– Позвольте, барыня, позвольте… Мы сами сделаем…
   И обе старушки отнимали у меня грубовато и вместе с тем с любовной почтительностью всякую работу, за которую я бралась.
   – Мы сами сделаем, не беспокойтесь… сами сделаем… мы привычные…
   И я ничего не должна была делать, ни о чем не думать, ничего не требовать, так как они предупреждали все мои желания. Я вся ушла в жизнь своего ребенка, и вне его для меня ничего не существовало: ни мыслей, ни чувств, ни прошлого, ни будущего.

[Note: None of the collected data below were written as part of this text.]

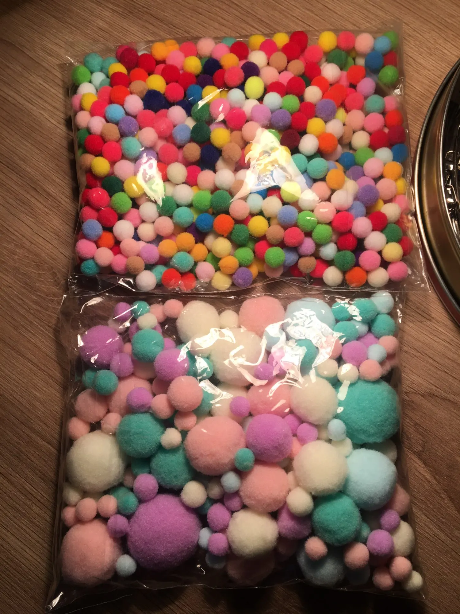 Помпоны одинакового размера, цвета яркие. Покупкой довольна, спасибо.
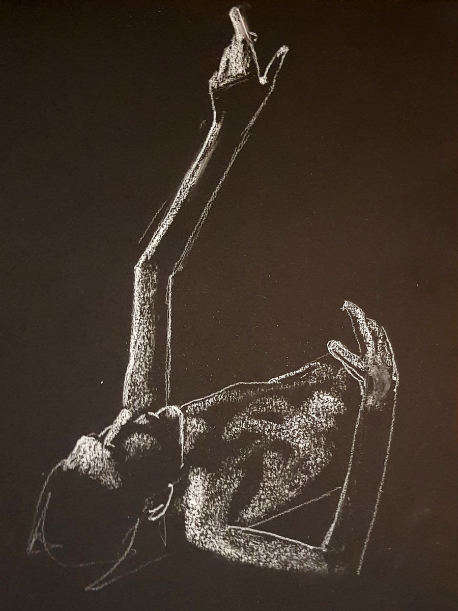 What I’ve missed, however, is dynamic short-pose work. This evening at The Star by Hackney Downs with Drawing the Star was my first such booking in a month. I was rusty but happy to be rusty as it meant I didn’t start out with my head full of over-used poses. I decided not to think exactly what shapes I would make till each was due.
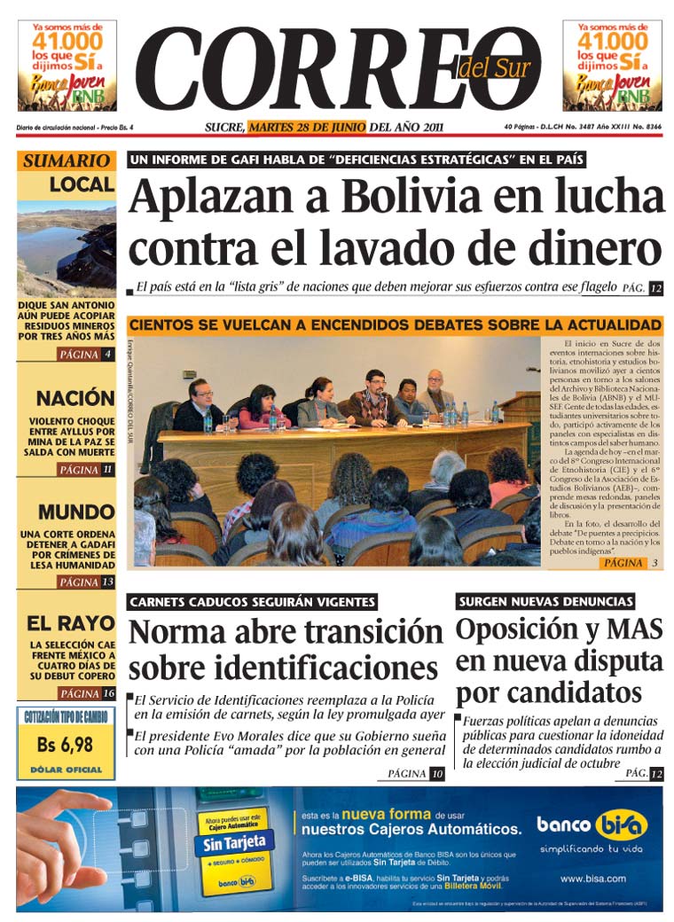 El GAFI pone a Bolivia en lista de cuestionados |
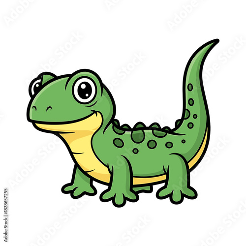 Naklejka premium Cartoon depiction of a smiling green lizard with spots and a yellow belly, standing on all fours.
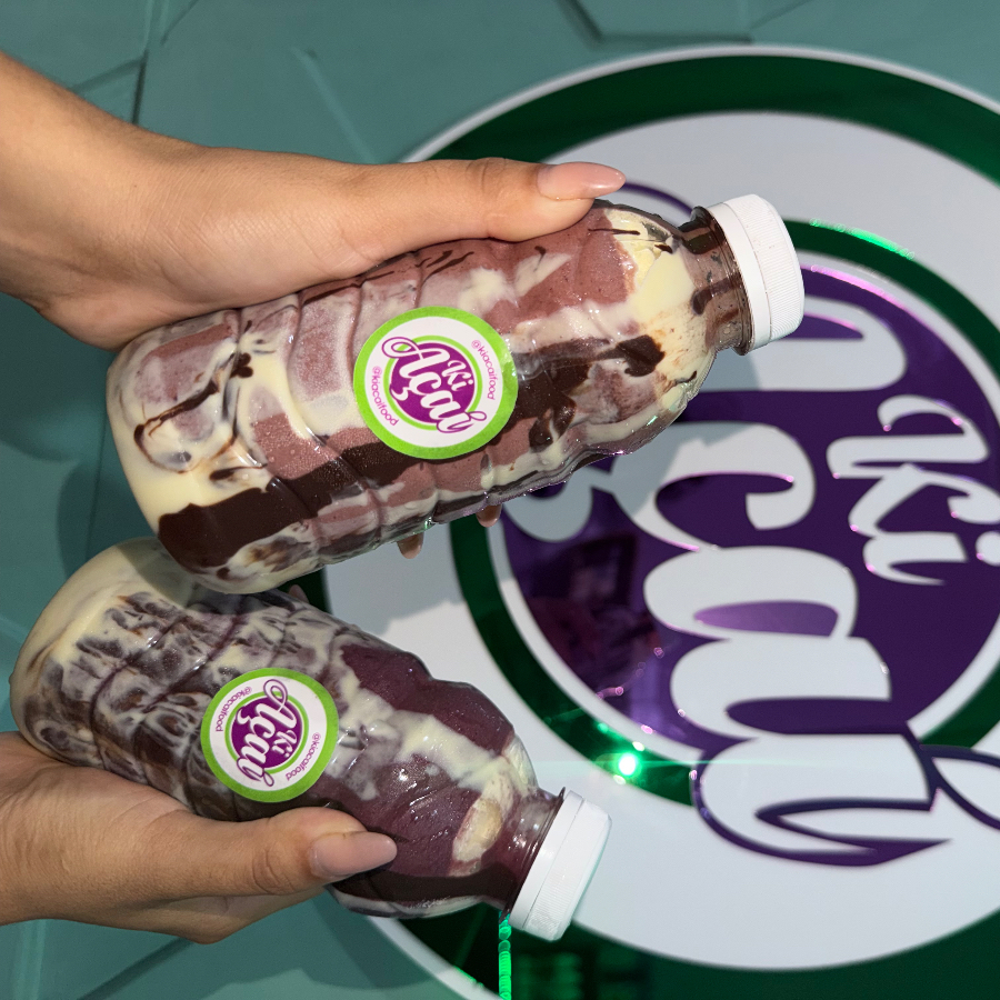 Açaí batido na garrafa. Escolha o seu sabor preferido!
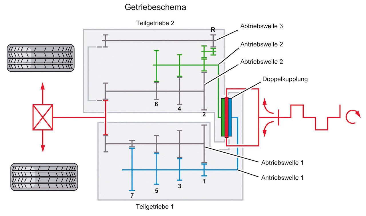 Las cajas de cambio automáticas de doble embrague tienen una configuración muy particular y reconocible. Al uso, se trata de dos cajas de cambio manuales que van unidas y que funcionan en paralelo. Cada una de ellas tiene su propio embrague y tres o cuatro velocidades, porque Volkswagen ha tenido DSG de seis y de siete marchas. Como se puede ver en el esquema anterior, una caja tendrá las marchas 1ª, 3ª, 5ª y 7ª (si procede) y la otra tendrá las marchas 2ª, 4ª y 6ª.

   Я играю, бегаю, хохочу, болтаю, как и она, потому что она меня понимает, потому что она меня чувствует, потому что она не может быть без меня, как я – без нее.
   Я стараюсь стать такой маленькой, чтобы я могла войти в ее маленькую душу, и мне часто кажется, что я – ее малютка.
   Когда я замечаю в пустынном винограднике, окаймляющем лужок, чей-нибудь любопытный глаз, следящий за тем, как я по-детски дурачусь, чтобы развлечь мою маленькую Деде, я словно начинаю стыдиться моего опьянения, мне становится неловко, словно меня обнажили и унизили.
   Но затем я возмущаюсь… Она моя дочь! Разве я не могу любить своей дочери? Кто может помешать мне любить ее так, как я хочу, как я чувствую? Она моя дочь! моя дочь! Дочь, которую у меня вырвали и которую я нашла, когда от проникшего в мою душу яда потухало мое разбитое сердце, где я погребла ее имя, чтобы сохранить его окруженным любовью до последнего вдоха.
   Они удивлялись моему безумию! Ах, если бы они знали!
   Это было так. Вечером, не помню уже когда, две или три недели тому назад (они мне кажутся годами), часов в восемь, закончив обед, я болтала с Полеттой в ожидании часа, когда мы должны были сойти вниз. Вдруг, не постучавшись, вошла Кора.
   – Мне кажется, что тебя спрашивают, – сказала она несколько нерешительным тоном. – Не зовут ли тебя Анной?
   Я слегка вздрогнула.
   – Какой-то человек, мужичок, кажется, с девочкой на руках…
   Я выбежала из комнаты и бросилась как обезумевшая вниз по лестнице в маленькую переднюю. Там я увидела какого-то человека со свертком в руках, привратницу и мадам Адель, которые при моем появлении замолчали, указывая этим на меня ожидавшему человеку.
   Я расслышала лишь несколько слов.
   – …Здесь ваша дочь…
   Я была так потрясена, что едва не лишилась чувств.
   Я протянула руки, словно в бреду, схватила этот сверток и увидела завернутое в плащик бледное личико со светлыми волосами и закрытыми глазами. Я помчалась со свертком вверх по лестнице и вбежала к себе в комнату, где оставались в ожидании меня Кора и Полетта.
   – Прочь, – закричала я, – уйдите прочь!
   В моем лице и голосе не было, вероятно, ничего человеческого, так как они, побледнев и не проронив ни слова, вышли. Следовавший за мной человек остался. Он первый заговорил:
   – Я, знаете ли, насилу нашел вас…
   Я очнулась… Кто этот человек? Откуда он? Кто его прислал? Как он узнал?
   Я посмотрела на бледное личико моей девочки, спокойно спавшей у меня на руках и, мало-помалу придя в себя, стала лихорадочно расспрашивать принесшего ее человека.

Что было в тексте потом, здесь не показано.